Suite à l’identification des emplacements des épitopes, une étude des contributions de la boucle CDR et des interactions épitope-paratope a été réalisée. Les ES et les motifs de liaison ont été analysés à l’aide d’une analyse groupée. On a découvert qu’il existe un lien entre l’ES et les mutations d’évasion du SRAS-CoV-2.
Résultats
La base de données CovAbDab comprenait 6 746 anticorps et 620 séquences de nanocorps, avec 6 321 Abs obtenus auprès d’humains, y compris des individus vaccinés, et 390 provenant de bibliothèques d’anticorps humanisés murins ou bactériophages.
Les séquences Nbs comprennent 620 provenant de camélidés et 276 provenant de bibliothèques d’affichage de bactériophages dérivées de camélidés. Les chercheurs ont généré des structures à rayons X ou par microscopie cryoélectronique (EM) de 340 anticorps et 83 nanocorps pour une étude structurelle.
Sur la surface du S RBD, 23 emplacements épitopiques différents ont été découverts et les taux d’utilisation des acides aminés dans les paratopes associés de la région déterminant la complémentarité (CDR) ont été calculés.
Les 23 ES du RBD, partiellement distingués par des propriétés structurelles secondaires, ont pu être détectés à différentes fréquences. Dix pour cent des Abs pourraient reconnaître des traits communs tels que ES16 vu par Abs ou ES11 vu par Nbs. Chaque bac ES avait presque le même nombre de contacts Ab et Nb.
L’analyse de regroupement a identifié des motifs de liaison des paratopes, qui peuvent être utilisés pour créer des vaccins et des produits thérapeutiques contre le SRAS-CoV-2. Les chaînes H ont donné 5 623 connexions à 340 Abs, tandis que 83 Nbs avaient 1 836 interactions. La distribution des résultats différait selon les emplacements, les Nbs reconnaissant plus souvent la zone située entre les résidus RBD 368 et 386.
Plusieurs séquences continues d’acides aminés RBD qui établissent un contact avec les anticorps étaient visibles, bien que le nombre de résultats ait montré de grandes variations pour différentes parties de la surface du RBD. Chaque ES peut être attribué à l’une des quatre classes principales ou au RBM détecté par le récepteur de l’ACE2.
Les trois acides aminés les plus favorisés pour lier tout ES du RBD étaient la tyrosine (Y), la sérine (S) et l’arginine (R). Le tryptophane était plus couramment utilisé dans les Nbs que dans les anticorps.
Un critère de similarité de 0,85 a permis la découverte de 33 clusters Abs, A1 à A33, et de 10 clusters Nbs, N1 à N10. Les mutations du variant SARS-CoV-2 et l’ES auquel elles correspondent ont été étudiées.
XBB.1.5 avait des remplacements P et S pour V445 et G446, respectivement, à partir de ES11, et des substitutions S et Q pour F490 et R493, respectivement, à partir de ES19.
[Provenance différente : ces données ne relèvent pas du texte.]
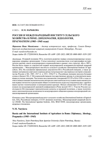 В первой половине XX в. получили развитие первые специализированные международные аграрные организации. Статья дополняет малоизвестную в историографии историческую картину опыта международного взаимодействия в рамках этих структур, ибо в 1905 г. Россия была одним из учредителей первой международной межправительственной аграрной организации – Международного института сельского хозяйства (International Institute of Agriculture, IIA). На основании официальных документов IIA и Российской империи, а также архивных материалов советского периода автор статьи выделяет два периода в истории сотрудничества России и IIA: 1905–1917 гг. и 1931–1936/37 гг. Российская империя вносила большие суммы в бюджет IIA. С IIA взаимодействовали государственные органы и сотрудничали выдающиеся ученые империи. Частичное восстановление отношений СССР и IIA в 1930-е годы соответствовало внешнеэкономическим интересам советской власти в условиях выполнения планов первых пятилеток и реализации общего политического курса на сотрудничество с зарубежными научно-техническими и коммерческими кругами. Начало сближения СССР и IIA произошло на международной зерновой конференции в Риме весной 1931 г. Участие России в деятельности IIA показывает прагматические аспекты ее внешней политики, а также политические и дипломатические возможности международного общения в рамках международной специализированной организации

Étonnamment, des mutations d’évasion d’Omicron se trouvent dans de nombreux ES différents du domaine de liaison au récepteur, ce qui constitue un obstacle de taille au développement de nouveaux vaccins et d’anticorps thérapeutiques.
Conséquences
Dans l’ensemble, les résultats de l’étude ont montré les caractéristiques communes de 23 ES couramment touchés et la structure structurelle des surfaces des domaines de liaison aux récepteurs qui interagissent avec Ab et Nb. Abs et Nbs ont identifié des emplacements communs, et certains sites ont été préférés par Abs ou Nbs.
L’identification des anticorps thérapeutiques SARS-CoV-2 autorisés pour neutraliser les variantes en développement et les sous-variantes d’Omicron peut être facilitée par l’étude des épitopes RBD et de leurs paratopes Ab correspondants.
Les anticorps thérapeutiques, tels qu’EvushieldTM, échouent en raison de l’analyse des ES identifiés par des anticorps et des nanocorps et de l’identification d’ES particuliers impactés par des mutations de COV.